Positive growth in graduation rate for local counties

BY MARK J. CRAWFORD

Telegraph Editor

Florida’s record-setting year for high school graduation rates included remarkable improvement in Bradford and Union counties.

The state’s graduation rate reached a new high of 88% for the 2022-23 school year. According to the Florida Department of Education, this was an increase of 0.7 percentage points over the previous school year and a 1.1 percentage point increase over the pre-pandemic graduation rate in 2018–19.

(School years 2019–20 and 2020–21 are an exception. During the pandemic years, graduating rates were higher because graduating classes were exempt from statewide, standardized assessment requirements.)

The state also pointed to greater success graduating members of multiple subgroups, including a 4.9 percentage point increase for students with disabilities, a 0.9 percentage point increase for economically disadvantaged students, and a 1.7 percentage point increase for Black students.

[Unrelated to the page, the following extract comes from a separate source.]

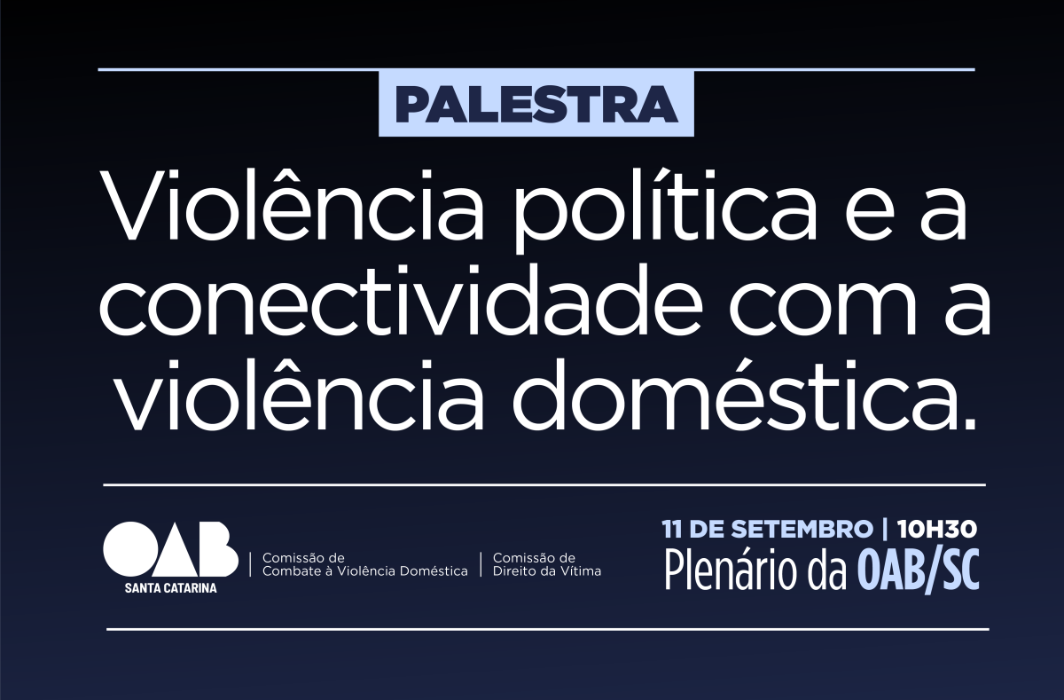 A violência política e a violência doméstica, embora ocorram em contextos distintos, possuem raízes comuns: ambas buscam silenciar, intimidar e excluir mulheres de espaços de participação e decisão. Para aprofundar esse debate e ampliar a conscientização sobre suas intersecções, a OAB/SC, por meio das comissões de Combate à Violência Doméstica e Direito da Vítima, promove a palestra “Violência política e a conectividade com a violência doméstica” nesta quinta-feira (11/09), às 10h30, no plenário da Seccional.

Bradford and Union both experienced lower graduation rates immediately following the pandemic, but in 2022-23, Union surpassed its pre-pandemic rate and Bradford is on its way. (An asterisk denotes pandemic years.)

Bradford County

2018-19 87.7%

2019-20* 88.2%

2020-21* 85%

2021-22 76.1%

2022-23 82.5%

Bradford High graduated 175 of 212 students in the cohort. This included 82.7% of its 52 Black seniors, 74% of 50 ESE seniors and 75% of 64 at-risk seniors.

Union County

2018-19 84.4%

2019-20* 79.6%

2020-21* 88.3%

2021-22 77.8%

2022-23 85.9%

Union County High graduated 146 of 170 students in the cohort. This included 86.4% of its 22 Black seniors, 73% of 37 ESE seniors and 70.8% of 24 at-risk seniors.

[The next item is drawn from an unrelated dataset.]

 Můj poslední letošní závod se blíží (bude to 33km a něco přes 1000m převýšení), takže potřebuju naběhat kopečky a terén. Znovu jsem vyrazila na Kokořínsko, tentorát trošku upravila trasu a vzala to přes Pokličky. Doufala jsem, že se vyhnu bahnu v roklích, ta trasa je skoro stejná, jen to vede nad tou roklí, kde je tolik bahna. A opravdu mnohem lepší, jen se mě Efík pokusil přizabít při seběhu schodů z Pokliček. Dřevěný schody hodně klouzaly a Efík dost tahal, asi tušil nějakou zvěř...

Clay County came within one percentage point of besting its pre-pandemic graduation rate. 

Clay County

2018-19 91.9%

2019-20* 93.4%

2020-21* 92.7%

2021-22 89.9%

2022-23 90.9%

Keystone Heights High graduated 176 of 194 students in the cohort, for a 90.7% graduation rate, just slightly lower than the county average. The school did not have a large enough group of Black students in the cohort to include in the ranking. The school did graduate 54.5% of its 11 Hispanic seniors, 97.1% of its ESE seniors and 77. 1% of 35 at-risk seniors.

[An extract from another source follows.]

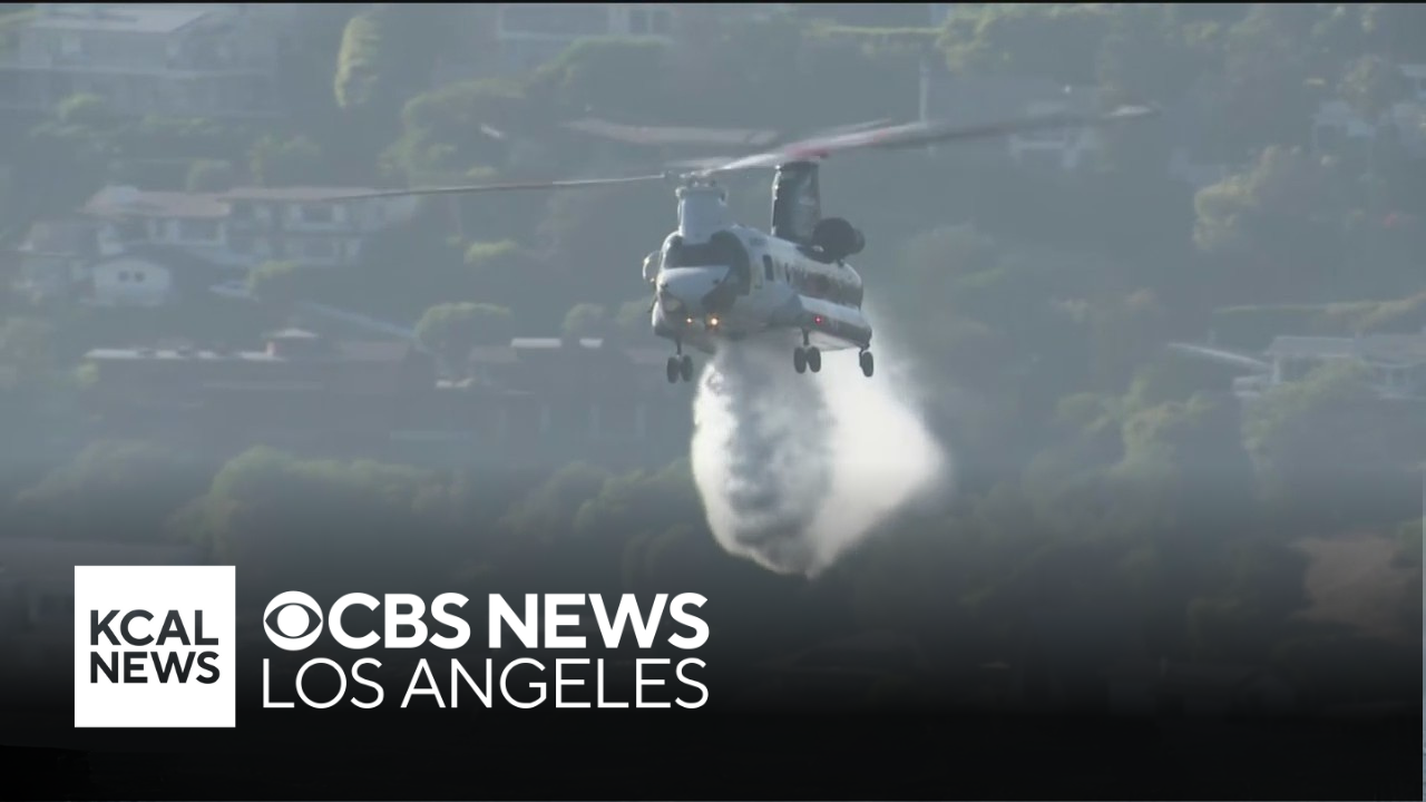 Helicopters drop water to extinguish the Rancho Fire

Florida first began using the Federal Uniform Graduation Rate in 2010-11, and it replaced the National Governors Calculation the following year. The federal rate is considered the most difficult as it counts only standard diploma recipients, does not remove adult education program transfers from the student cohort, and credits all students enrolled in Department of Juvenile Justice facilities back to their home school.

When first calculated using the federal uniform rate, Florida’s graduation rate was 70.6% compared to 81.2% under the governors rate. When the federal rate was calculated back to the 1998-99 school year, Florida’s graduation rate was just 52%. It would take more than a decade of these backward looking calculations for the rate to reach over 70% in 2010-11. 

Since the federal calculation method has been used, the state graduation rate has grown nearly twice as high in around the same amount of time.